Prototype for Profiling Python
Last post covered some technical background using vmprof to profile Python with compiled or JIT'ed extensions. Now I've created a prototype that can convert the output to callgrind format so it can be viewed with KCachegrind.
To install the prototype using the Anaconda distribution:
- Create a new environment (if you do not use a new environment, these packages may conflict with an existing Numba install):
conda create -n profiling python numpy
- Switch to the new environment:
source activate profiling
- Install prototype versions of Numba and llvmlite:
conda install -c https://conda.anaconda.org/mdewing numba-profiling
- Install prototype version of vmprof:
conda install -c https://conda.anaconda.org/mdewing vmprof-numba
- Make sure libunwind is installed. (On Ubuntu
apt-get install libunwind8-dev
.) (On Ubuntu, it must be the -dev version. If not installed, the error message when trying to run vmprof isImportError: libunwind.so.8: cannot open shared object file: No such file or directory
) - Install KCachegrind (On Ubuntu,
apt-get install kcachegrind
)
There is a wrapper (vmprofrun
) that automates the running and processing steps.
To use it, run vmprofrun <target python script> [arguments to the python script]
.
(No need to specify python
- that gets added to the command line automatically.)
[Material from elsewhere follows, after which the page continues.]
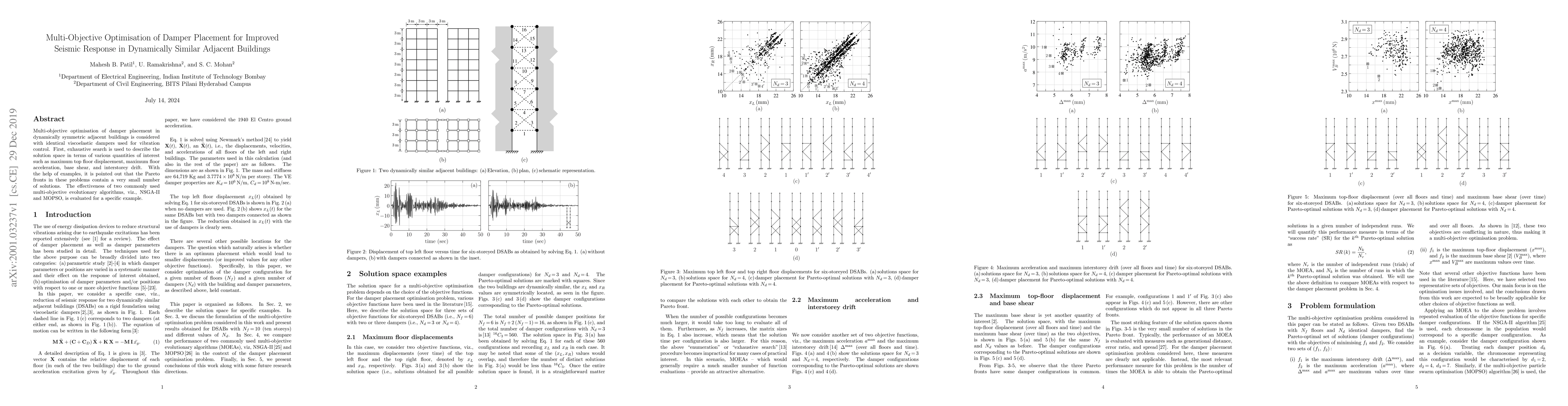 This paper explores multi-objective optimization for damper placement in dynamically similar adjacent buildings to enhance seismic response. It uses exhaustive search and evolutionary algorithms like NSGA-II and MOPSO to identify optimal damper configurations minimizing top floor displacement, floor acceleration, base shear, and interstorey drift.
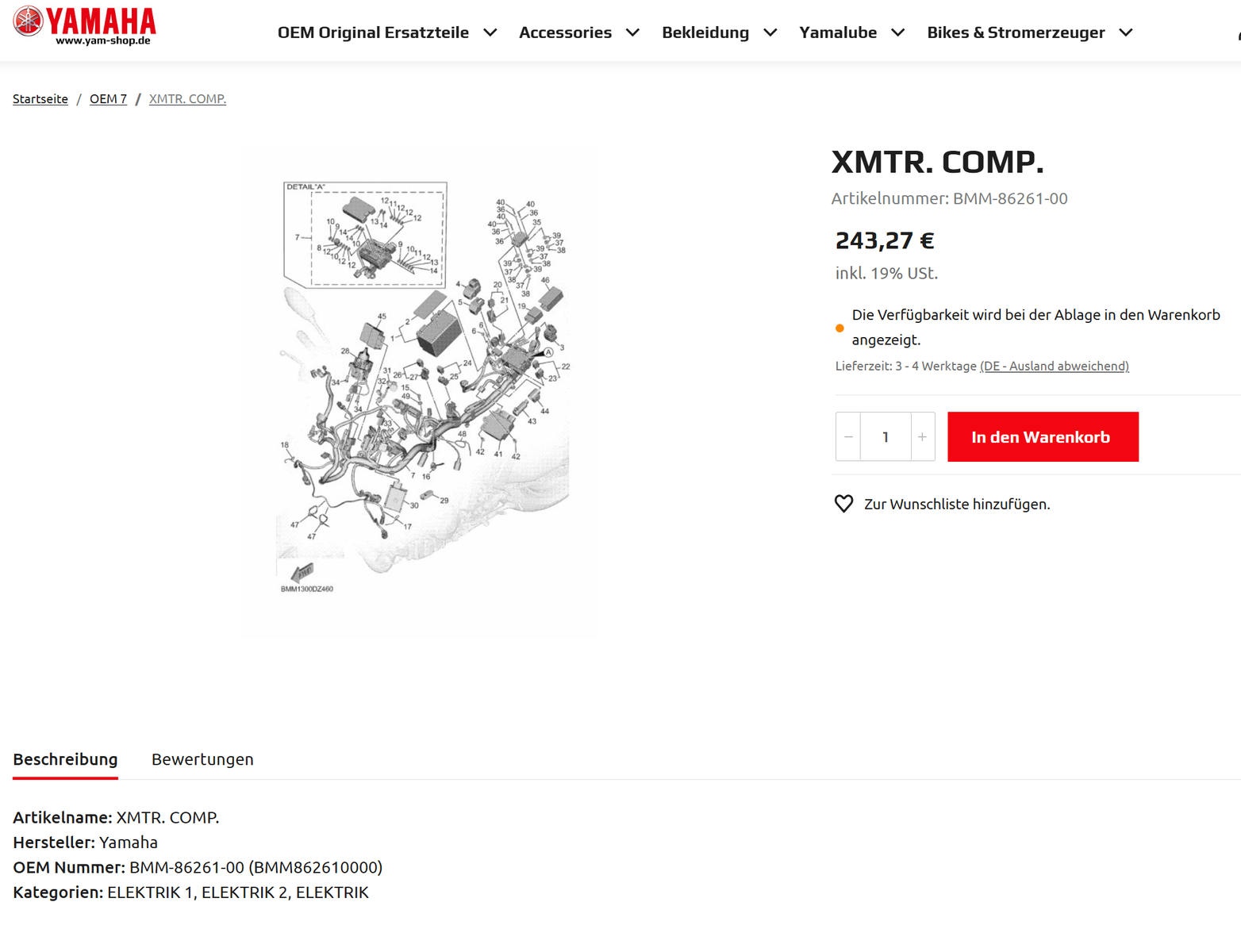 Auch das man für ein EINZELNEN Lenkerendenspiegel knapp 200€ zahlen soll...wer sowas zahlt fährt doch keine Yamaha.

By default it will output vmprof-<pid>.out
, which can be viewed in KCachegrind.
Underneath, the vmprofrun
tool saves the vmprof output during the run to out.vmprof
. After the run, it automatically copies the /tmp/perf-<pid>.map
file to the current directory (if running under Numba).
It moves out.vmprof
to out-<pid>.vmprof
.
Finally it runs vmproftocallgrind
using these files as input.
Limitations
- Only works on 64-bit Linux
- Function-level profiles only - no line information (for either python or native code)
- Sometimes the profiling hangs during the run - kill the process and try again.
- Works with Python 2.7 or 3.4
- Not well validated or tested yet
- It does not work well yet with the existing vmprof web visualization and CLI tools.
Other notes:
- The stack dump tool will process the stacks to remove the Python interpreter frames.
- By default the Numba
Dispatcher_call
level is removed. Otherwise the call graph in KCachegrind gets tangled by all the call paths running through this function. - It should work with C extensions and Cython as well.